I started this post by recognising the downside to being a creative, the short attention span. A new project is exciting, the adrenalin rush as you put everything into getting it off the ground. In a big organisation you might be able to hand over the project once it is up and running but many creative entrepreneurs work alone or with a small team of experts. We do not have the resources and/or manpower to trust someone else to implement the big idea whilst we move onto a new one. We also want to see results quickly and can lose patience if they are not immediately apparent.
I am learning how to refine and systemise approaches so that they are fully embedded. It means paying attention to detail, improving quality and efficiency. It means slowing down and being present – fully focused on the task.
It is when you have grown tired of writing your blog or recording your YouTube channel that your audience starts to discover you. By giving up too soon you do not allow success to find you.
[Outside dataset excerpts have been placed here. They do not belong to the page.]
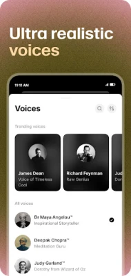 ElevenLabs is synonymous with quality, and that's why we're bringing together industry icons to make your reading journey even more enjoyable. Explore the latest titles of our expansive collection of indie and literary classic audiobooks, then listen in a voice of your choice. From Burt Reynolds, Sir Laurence Olivier, Judy Garland, Jerry Garcia and James Dean to Dr. Maya Angelou, Deepak Chopra and Dr. Richard Feynman, experience legendary voices from television, film, literature and beyond and start enjoying the unforgettable magic of iconic voices with AI narration.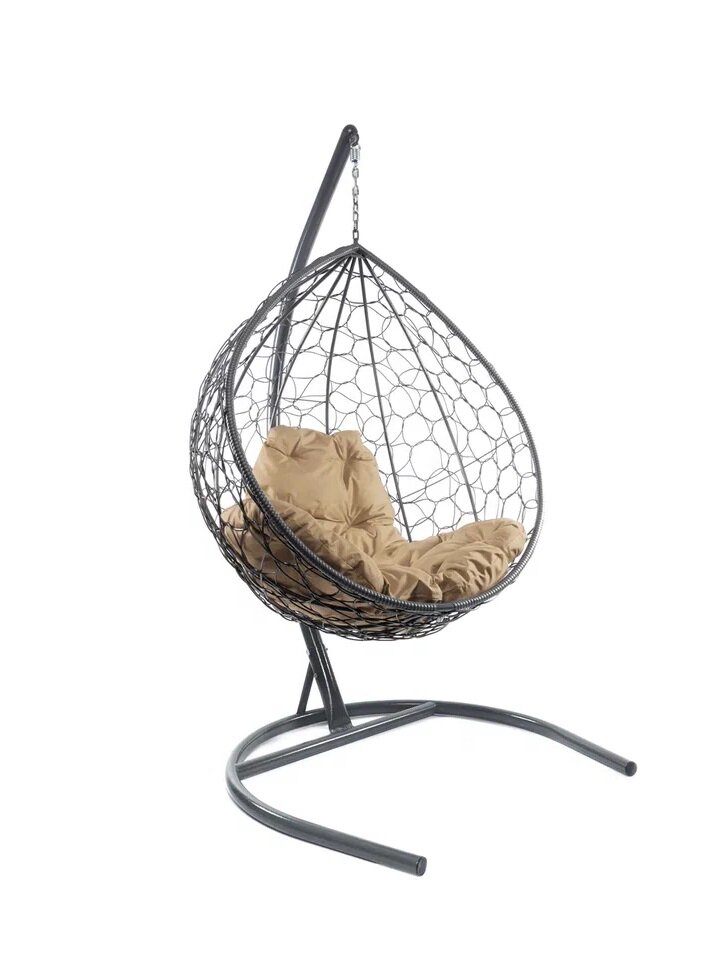 Подвесное кресло капля ротанг серое (без стойки), бежевая подушка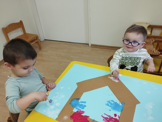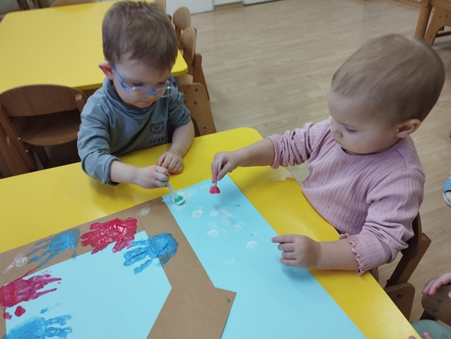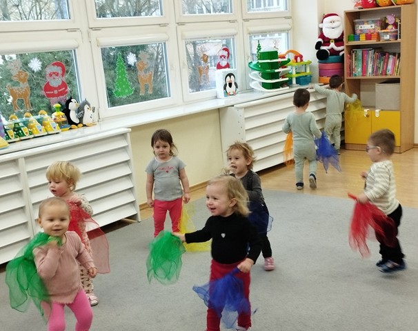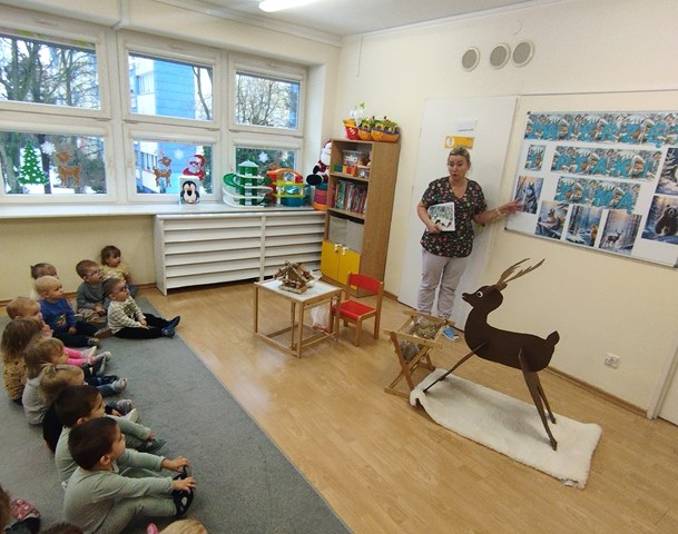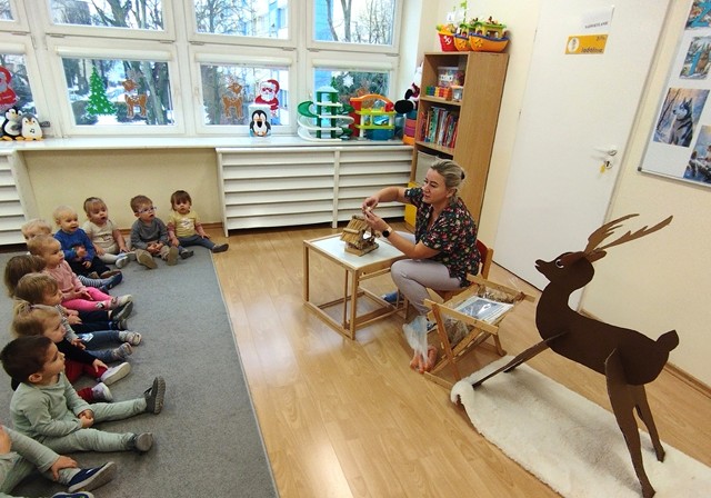 Podczas zajęć zabawowych w grupie Kaczuszek dzieci odkrywały tajniki życia leśnych zwierząt i ptaków, uczyły się, jak im pomóc przetrwać zimę. Maluszki z zaciekawieniem oglądały na ilustracjach zimowych mieszkańców lasu, a nawet miały okazję „nakarmić” jelonka chrupiącą marchewką. Dzieci zobaczyły jak wygląda karmnik i dowiedziały się co możemy do niego nasypać. Nie zabrakło też radosnych zabaw ruchowych – dzieci używając chusteczek naśladowały fruwające ptaszki. Na zakończenie zabaw nasi podopieczni stworzyli piękne prace plastyczne: za pomocą dłoni wyczarowali kolorowe ptaszki, a pędzelkami z gąbką namalowali puszysty śnieżek.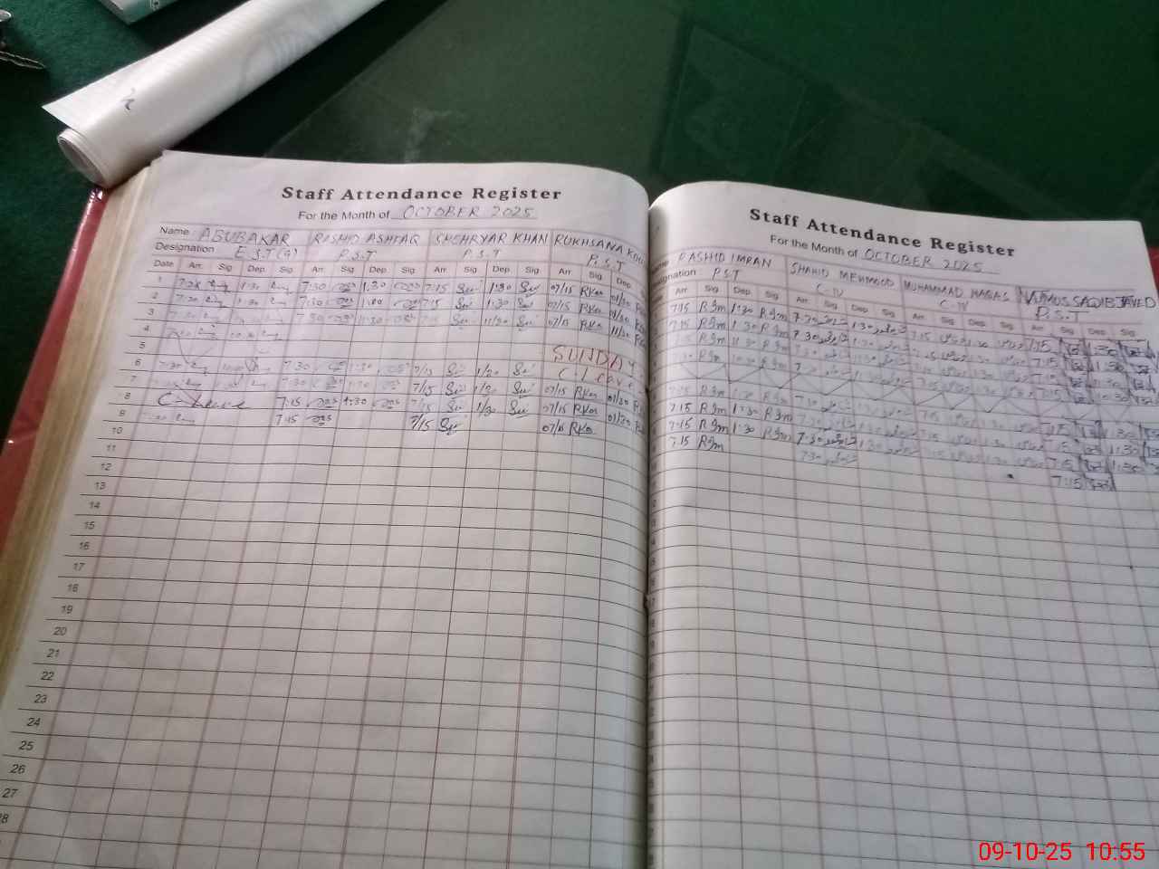 | CNIC | Full Name | Designation | R/C | Absence During Last Calender Month |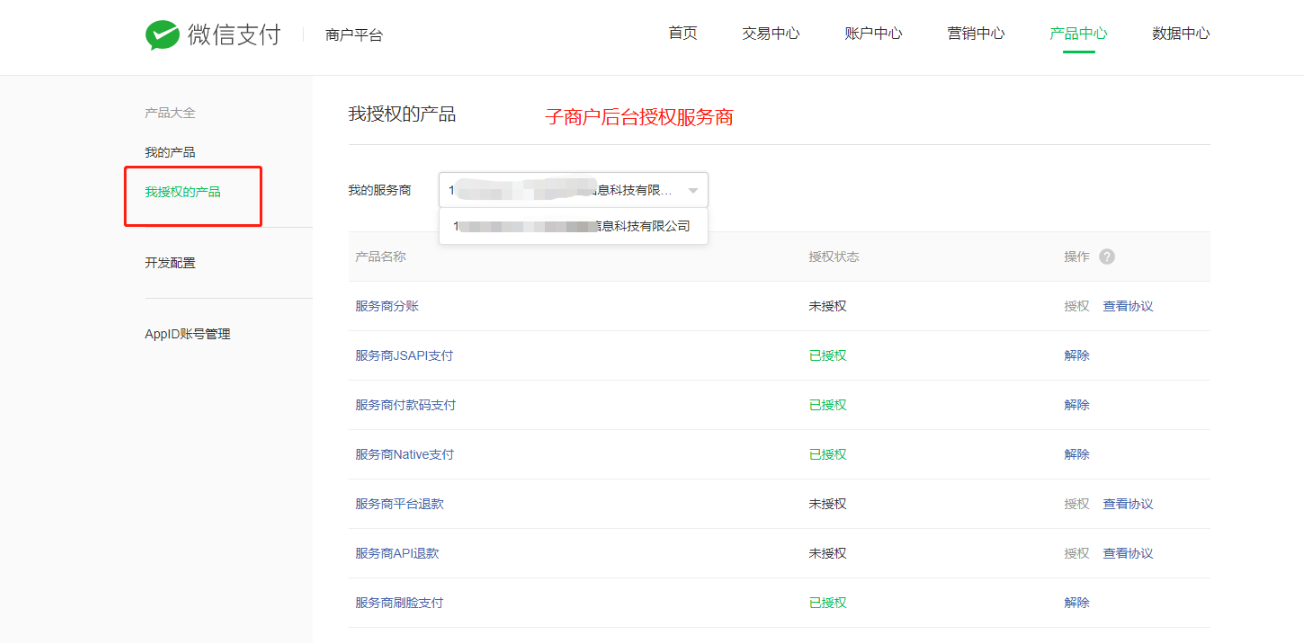 等特约子商户申请下来后,下一步请登录子商户后台pay.weixin.qq.com,并在产品中心--我授权的产品--选择关联的服务商,授权服务商分账功能。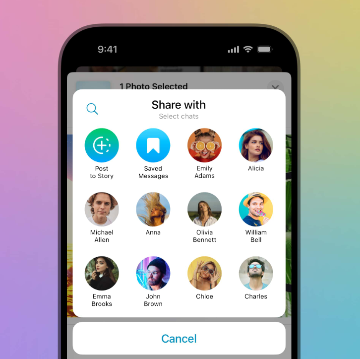 你现在可以通过 iOS 默认的 分享 按钮,将其他应用中的媒体直接分享到 Telegeram 故事。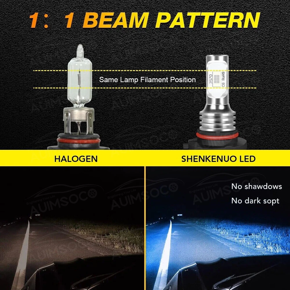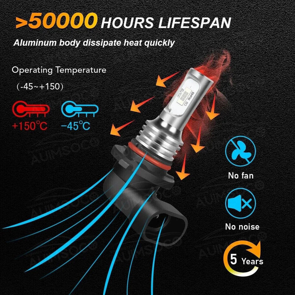 Product Advantages: 9005 (High Beam) + 9006 (Low Beam) High brightness High temperature resistant High purity of luminescence Good stable performance Built-in Driver Ballast Instant on fast cooling Energy saving environmental Long lifespan(>50000hr) Interchange Part Number: Use for high Beam, Low Beam, DRL or Fog Lights… LED Type: 6Pcs Led Chips Each Bulb Other Part Number: 6000K (Xenon HID Pure White) Head Light Lamp Bulbs Beam Angle: 360 Degrees Placement on Vehicle: Left, Right, Front Color: 6000K (Pure White Color) Condition: 100%Brand New/ Never Used Need additional Parts or Modification? 100% Integrated Design, Plug and Play. (Few vehicles may require load resistors to stop flickering or fix error message) Package include: 4x LED Headlight Bulbs 9005 (High Beam) + 9006 (Low Beam) Features: 1.Each Bulb have 2 sides of Super Bright LED Chips 2.Complete Kit: No Other Ballast/Driver Required Just Plug and Play - Newest Technology 3.Beam Angel: 360 Degrees 4.Color Temperature: 6000K Pure White 5.Smart Efficient Cooling System, Fast Heat Dissipation 6.High quality Aluminum heat dissipation ensures the secure temperature range 7.Low Power Consumption than Halogen bulb or Hid Kit, Energy Saving 8.Low Voltage Protection, High Precision Constant Current driver Chip 9.Shakeproof and Long lasting up to 50,000 Hours. 10.Easy installation, Plug and Play, NO modification required 11.Operating Temperature: -40°C ~ +80°C Automotive LED headlamps advantages: 1. LED lights than traditional halogen energy, more power. 2. Xenon lamp brightness and proximity , but the LED lights light up without delay, to enhance road safety. Instant start no strong currents impact , effectively protecting the car comes with a battery , improving battery life of more than 30%. 3. Fast cooling , the appearance of the most advanced design , thermal structure ingenious and reasonable. Less warranty, power driver with wide voltage constant current mode , the car can respond to a variety of voltage instability , the effective protection of normal use Led efficient and simple structure . Fewer Components damaged, repair the probability is very low , compared with HID ballast repair lower than 80% . 4. Heating temperature is low , protect the car . Xenon working temperature up to 800 ° -1000 ° , the main reason for the car ignition . 5. LED car headlights simple structure, fewer parts than xenon lamps, significantly lower than the xenon lamp failure rates ! 6. Automotive LED headlamps color temperature balancing. The Xenon bulbs in the same color to clear , about 6000K-6500K. Install Caution 1. As a safety precaution, make sure that the car has had time to cool down properly before starting the installation process. 2. Put the vehicle into park or make sure it is securely in gear. 3. Make sure to have the ignition turned off and the keys removed. 4. Be careful to avoid burns, especially when turning on or off the vehicles lighting. 5. Be careful to avoid crushing or cutting the bulbs. Also make sure to not touch the bulbs with your fingers, as this will cause blotting. 6. Fully examine the connection of the contact points, ports and the wires as faulty connections can cause lighting problems. 7. Make certain that the end of the bulb does not come in contact with the interior light shield of the headlight when adjusting the bulb. Brand New High Quality with Reasonable Price Fast Ship from KY or CA within 1 business day Tracking# Is Available With Free Shipping 60 days money-back guarantee & free return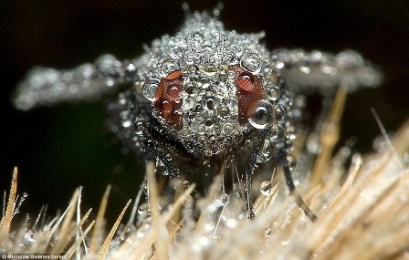 為了呈現出昆蟲特別的一面。日前,米羅斯瓦夫在凌晨3點時分就來到樹林中。那時,小東西們還在睡覺,身上則披掛著滴滴露水,顯得格外晶瑩剔透。米羅斯瓦夫用照相機拍下了它們有趣的樣子,鏡頭距小昆蟲僅幾毫米。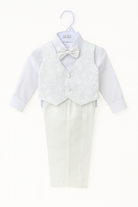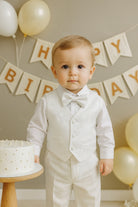 Elegante frac neonato colore bianco, completo cerimonia 5 pezzi per bambini da 3 a 36 mesi. Perfetto per battesimo, feste ed eventi speciali.
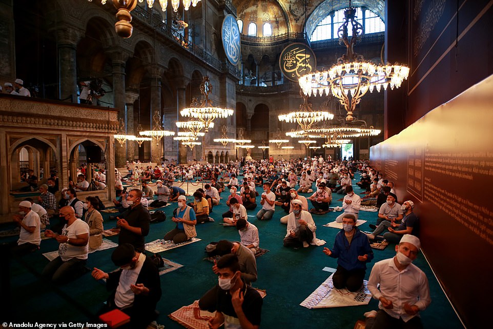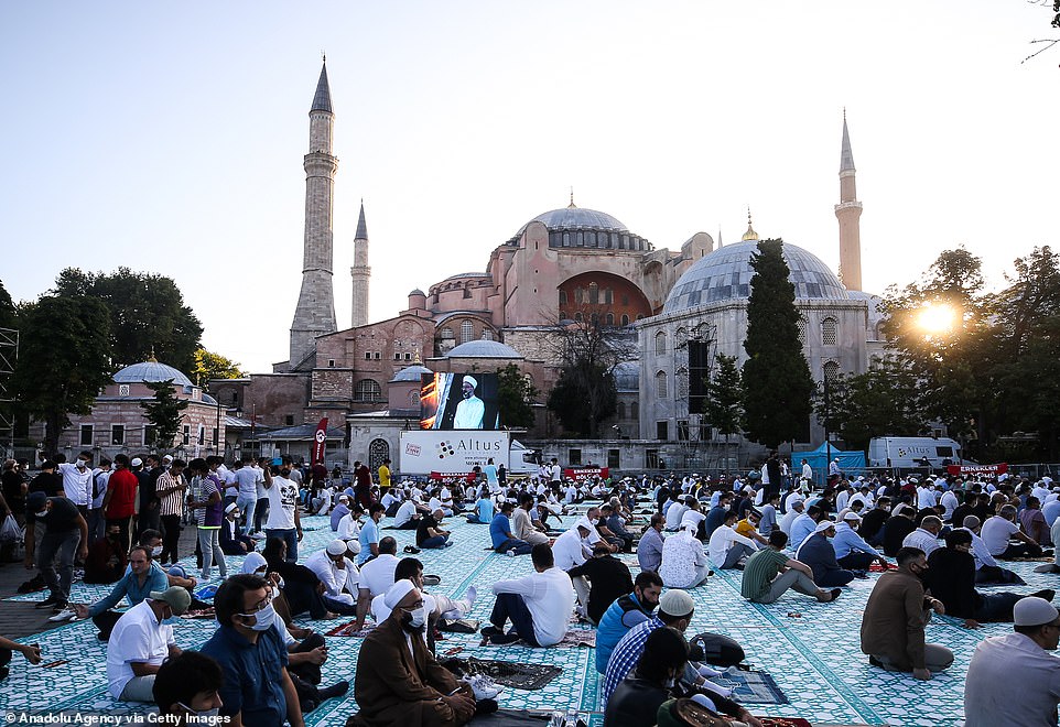 ISTANBUL, TURKEY: Muslims pray outside the Hagia Sophia, which was recently converted back into a mosque in a controversial move signed off by Turkey's president Recep Tayyip Erdogan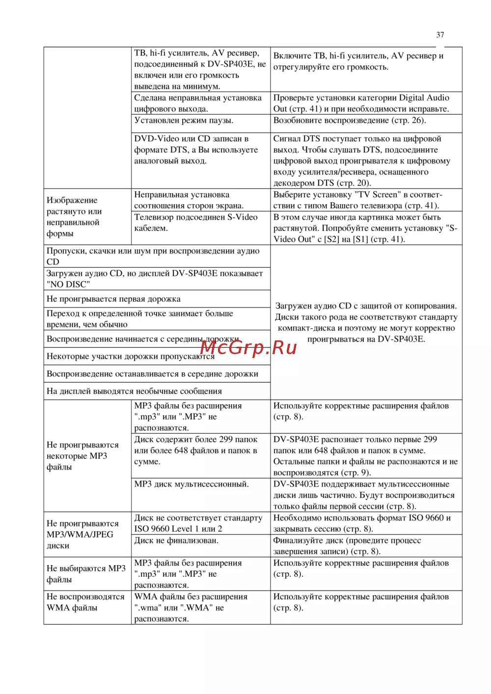 Onkyo DV-SP403E — решение проблем с воспроизведением аудио и видео устройств [37/42]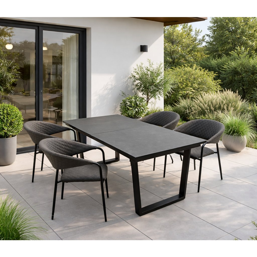 Velký zahradní rozkládací stůl je moderní, nadčasový zahradní nábytek. Jednoduché a čisté linie stolu jsou vhodné do každého prostředí. Konstrukce stolu je vyrobená z vysoce kvalitní hliníkové slitiny v antracitové barvě. Deska stolu je z 5mm skla s nástřikem imitujícím vzhled keramiky.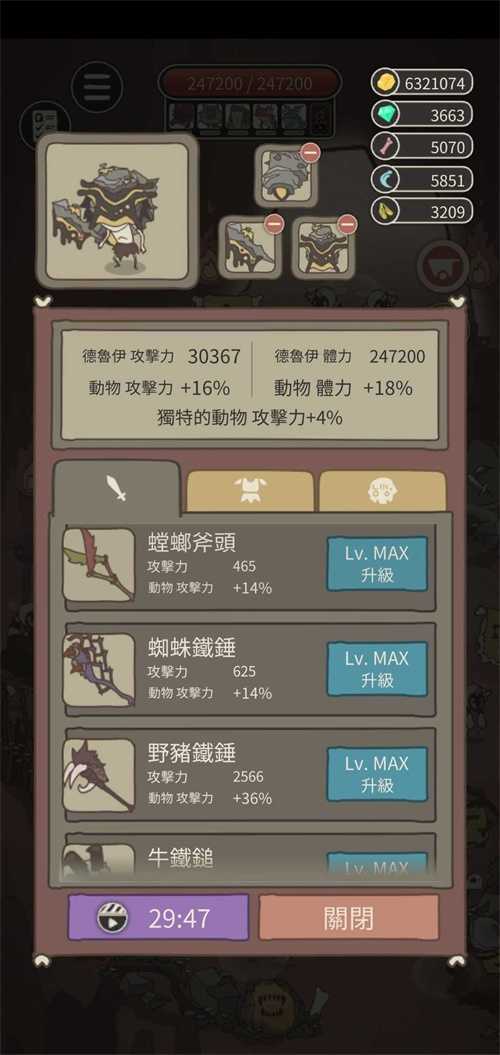二岛和一岛差不多,建议先忽略中间boss,直接蜥蜴打最终boss,尽量开格子,打完去三岛刷动物再回来,建议20只以上蜥蜴打的时候记得包围 boss和躲技能,实在打不过可以带金苹果或针对boss的勋章(对指定boss伤害x2,有点亏)

An entrepreneur who is always moving on to the next new thing will miss out on reaping the rewards from their work.
You won’t always feel like sitting down each week to write your blog, or record your film, especially if that negative voice in your head is telling you: What’s the point? Nobody reads it? Listens to it? But you must because success is about being consistent. Showing up even when you don’t feel like it.
My final message is this – Be joyful and carefree.
We seem to believe that is we are to achieve success we have to suffer in the process. You are doing this – whatever it is – because it is your passion. Fear of failure, self-doubt, and negative thoughts are burdensome. Have absolute faith in yourself. Know that you will achieve all that you dream of and more, and trust the universe to guide you towards that goal. Take pleasure in all of the tasks you commit to. Remember why you chose to do this and be patient. When things are not happening as quickly or in the way that you expect, be curious. Reflect on what you can learn from this moment by being present and grounded. Sometimes we just have to stand still long enough for success to find us.